The automated selection of base fragments is critical for processing large numbers ofmolecules in a virtual database screening experiment. We employ a simple heuristic that loops over all fragments of a limited size and scores them by three important and, to some extent, opposing aspects: the number of potential interacting groups, the number of conformers, and the volume spanned by the fragment. Since these are at the same time the dominating factors for the superpositioning method it is likely that among high scoring fragments there are reasonable ones to start with.

Another enhancement of the software is to allow merging multiple Gaussian representations into a single one and to use such a composite model as the Gaussian representation of the reference molecule. The different sets of Gaussians may originate from different compounds, from different conform-ers of one compound, or may even be artificially constructed. In this way the reference compound may, in fact, represent a whole set of compounds, conformational uncertainty may be appropriately described, and, e.g., excluded volumes may be incorporated into the molecule to be fitted onto.

Since the number of terms to be evaluated during Gaussian overlap calculation grows approximately with the square of the number of atoms, we reduce the number of Gaussians as follows: We evaluate all painwise distances between all the Gaussians. Each distance that lies below a certain threshold results in an edge in a corresponding distance graph that contains a node for each Gaussian. The distance graph is not necessarily connected. The aim is to merge terminal nodes and cliques in such a graph. Figure 4 illustrates an example situation and the nodes to be merged.

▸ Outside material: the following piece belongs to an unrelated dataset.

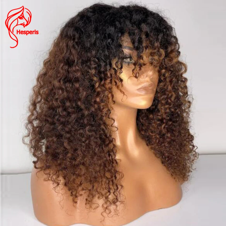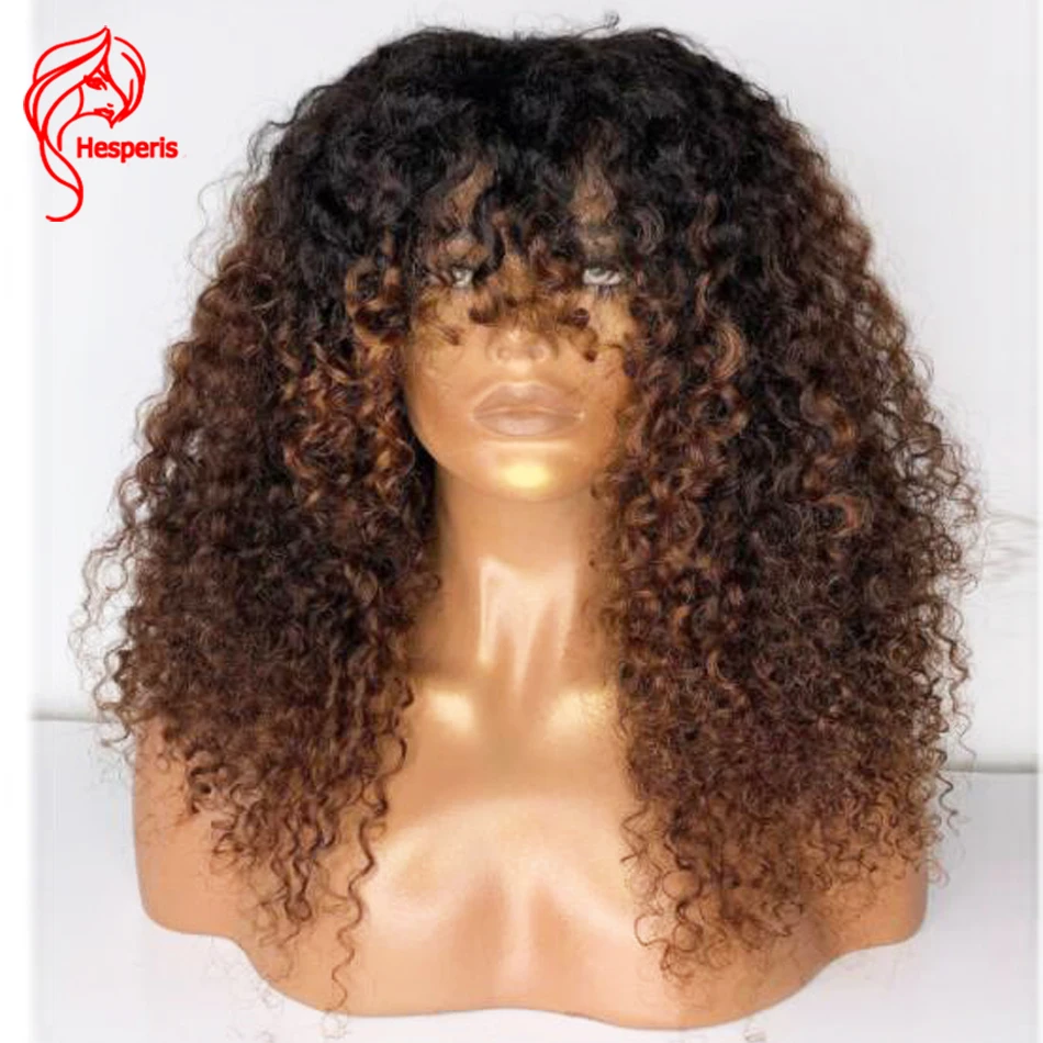 Hesperis Омбре кудрявые человеческие волосы парики Borwn бразильские волосы Remy головы Топ Полная машина сделанные человеческие волосы парики с челкой для черных женщин
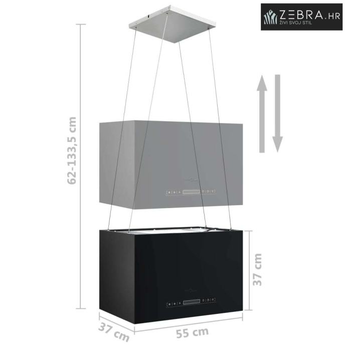 Viseća otočna napa sa senzorom na dodir LCD 55 cm čelična - Crna 55 cm

We achieve this goal using a two-pass procedure, determining the Gaussi-ans to be merged first and subsequently merging them. The technical details and implementation can be found in Reference 34. In order to determine the merged Gaussian representation three parameters have to be optimized, height, width, and position. The width of the Gaussians is set to a constant in all our calculations. To optimize the position requires solving a separate expensive optimization problem. instead we simply use the center of gravity of the Gaussians to be merged. Given the widths and positions, the heights are optimized in order to minimize the difference between the old and the reduced Gaussian description.